### Requirement:
Among the entries below, find the line with "En dirigent klädd", then quote it and each following line up to and including the line with "Mesa de Jantar", and nothing else.

-- Supplied records follows --

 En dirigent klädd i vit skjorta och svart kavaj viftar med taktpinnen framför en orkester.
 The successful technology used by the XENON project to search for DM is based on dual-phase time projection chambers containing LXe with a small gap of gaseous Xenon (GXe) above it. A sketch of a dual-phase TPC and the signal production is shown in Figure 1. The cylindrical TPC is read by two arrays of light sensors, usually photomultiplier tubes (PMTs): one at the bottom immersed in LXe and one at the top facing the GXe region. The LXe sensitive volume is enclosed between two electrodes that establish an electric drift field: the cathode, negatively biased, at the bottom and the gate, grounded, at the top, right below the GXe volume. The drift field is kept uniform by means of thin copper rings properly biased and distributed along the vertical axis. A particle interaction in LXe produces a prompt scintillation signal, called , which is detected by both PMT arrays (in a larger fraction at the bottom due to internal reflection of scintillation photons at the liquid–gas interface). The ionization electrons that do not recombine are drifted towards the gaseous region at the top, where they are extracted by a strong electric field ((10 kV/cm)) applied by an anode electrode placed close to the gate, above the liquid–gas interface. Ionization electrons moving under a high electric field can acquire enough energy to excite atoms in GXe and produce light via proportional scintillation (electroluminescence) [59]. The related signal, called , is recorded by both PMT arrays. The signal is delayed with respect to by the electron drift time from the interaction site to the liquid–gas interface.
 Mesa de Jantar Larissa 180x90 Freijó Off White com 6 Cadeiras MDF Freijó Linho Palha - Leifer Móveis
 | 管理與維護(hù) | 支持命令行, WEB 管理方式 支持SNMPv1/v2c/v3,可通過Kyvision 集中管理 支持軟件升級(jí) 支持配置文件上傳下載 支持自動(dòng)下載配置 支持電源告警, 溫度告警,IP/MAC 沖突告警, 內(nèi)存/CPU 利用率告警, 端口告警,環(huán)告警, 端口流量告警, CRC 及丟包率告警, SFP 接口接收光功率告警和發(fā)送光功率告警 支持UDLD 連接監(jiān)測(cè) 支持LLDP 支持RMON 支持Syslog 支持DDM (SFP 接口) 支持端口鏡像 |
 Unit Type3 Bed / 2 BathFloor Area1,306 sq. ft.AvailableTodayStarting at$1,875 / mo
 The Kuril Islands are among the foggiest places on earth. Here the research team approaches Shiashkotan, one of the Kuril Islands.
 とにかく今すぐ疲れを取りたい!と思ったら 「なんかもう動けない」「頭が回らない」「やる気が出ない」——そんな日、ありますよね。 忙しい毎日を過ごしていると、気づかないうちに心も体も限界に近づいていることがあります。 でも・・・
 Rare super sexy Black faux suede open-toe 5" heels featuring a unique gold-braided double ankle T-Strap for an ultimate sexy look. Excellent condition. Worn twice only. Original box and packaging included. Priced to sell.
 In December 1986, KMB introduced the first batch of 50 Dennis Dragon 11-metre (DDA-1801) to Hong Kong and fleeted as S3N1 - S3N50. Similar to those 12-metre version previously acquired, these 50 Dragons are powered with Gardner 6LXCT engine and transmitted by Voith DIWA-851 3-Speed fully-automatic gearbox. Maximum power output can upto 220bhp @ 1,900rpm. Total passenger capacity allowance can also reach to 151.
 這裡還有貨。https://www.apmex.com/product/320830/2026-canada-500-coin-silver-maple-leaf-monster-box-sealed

-- Supplied records concluded --
-- Supplied records follows --

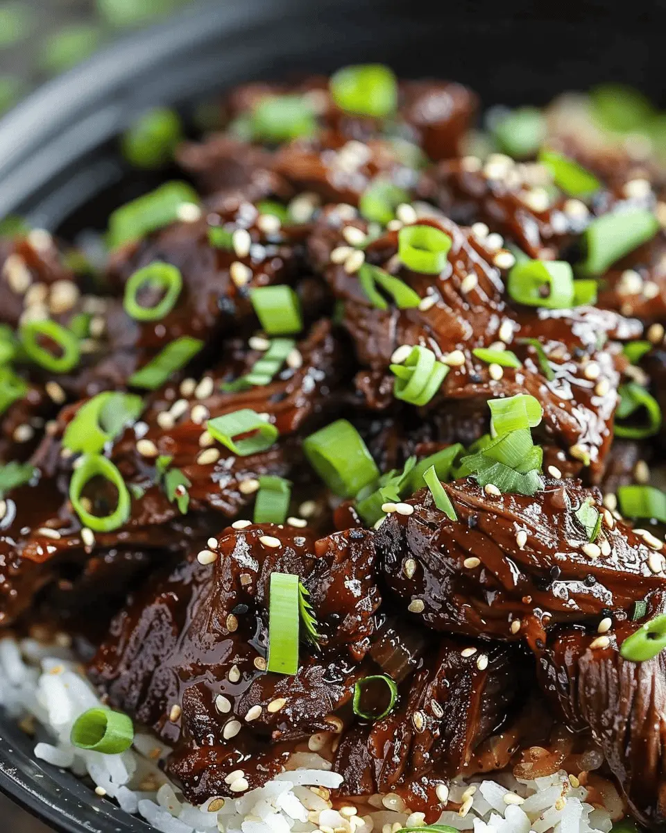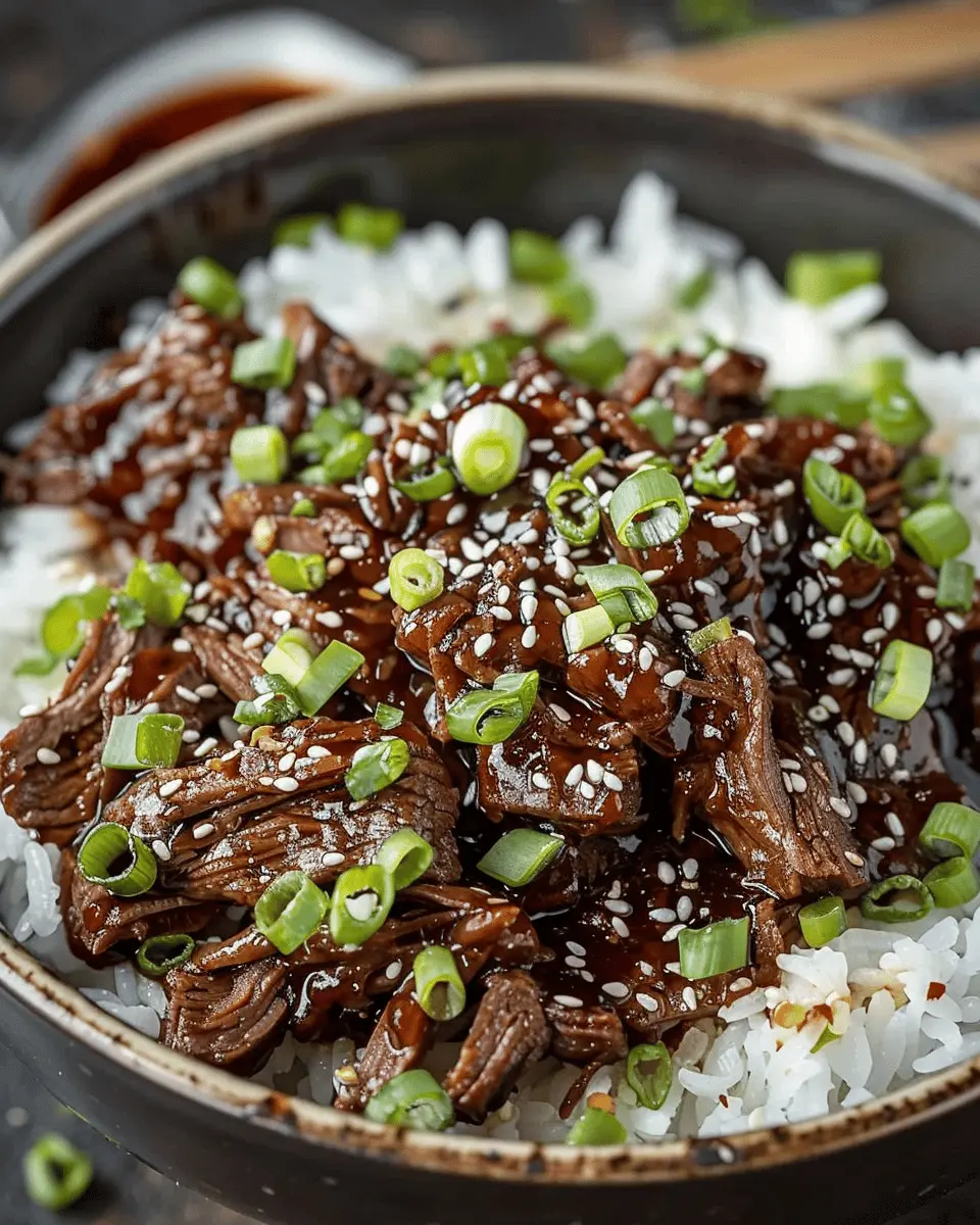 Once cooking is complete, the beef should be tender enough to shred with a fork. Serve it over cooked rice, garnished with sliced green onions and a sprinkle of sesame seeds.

-- Supplied records concluded --
-- Supplied records follows --

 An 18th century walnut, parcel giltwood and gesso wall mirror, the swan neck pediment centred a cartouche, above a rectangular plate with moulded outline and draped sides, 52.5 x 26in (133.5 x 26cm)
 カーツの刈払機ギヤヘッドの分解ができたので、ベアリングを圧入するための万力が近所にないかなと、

-- Supplied records concluded --

### Answer for this exercise:
 En dirigent klädd i vit skjorta och svart kavaj viftar med taktpinnen framför en orkester.
 The successful technology used by the XENON project to search for DM is based on dual-phase time projection chambers containing LXe with a small gap of gaseous Xenon (GXe) above it. A sketch of a dual-phase TPC and the signal production is shown in Figure 1. The cylindrical TPC is read by two arrays of light sensors, usually photomultiplier tubes (PMTs): one at the bottom immersed in LXe and one at the top facing the GXe region. The LXe sensitive volume is enclosed between two electrodes that establish an electric drift field: the cathode, negatively biased, at the bottom and the gate, grounded, at the top, right below the GXe volume. The drift field is kept uniform by means of thin copper rings properly biased and distributed along the vertical axis. A particle interaction in LXe produces a prompt scintillation signal, called , which is detected by both PMT arrays (in a larger fraction at the bottom due to internal reflection of scintillation photons at the liquid–gas interface). The ionization electrons that do not recombine are drifted towards the gaseous region at the top, where they are extracted by a strong electric field ((10 kV/cm)) applied by an anode electrode placed close to the gate, above the liquid–gas interface. Ionization electrons moving under a high electric field can acquire enough energy to excite atoms in GXe and produce light via proportional scintillation (electroluminescence) [59]. The related signal, called , is recorded by both PMT arrays. The signal is delayed with respect to by the electron drift time from the interaction site to the liquid–gas interface.
 Mesa de Jantar Larissa 180x90 Freijó Off White com 6 Cadeiras MDF Freijó Linho Palha - Leifer Móveis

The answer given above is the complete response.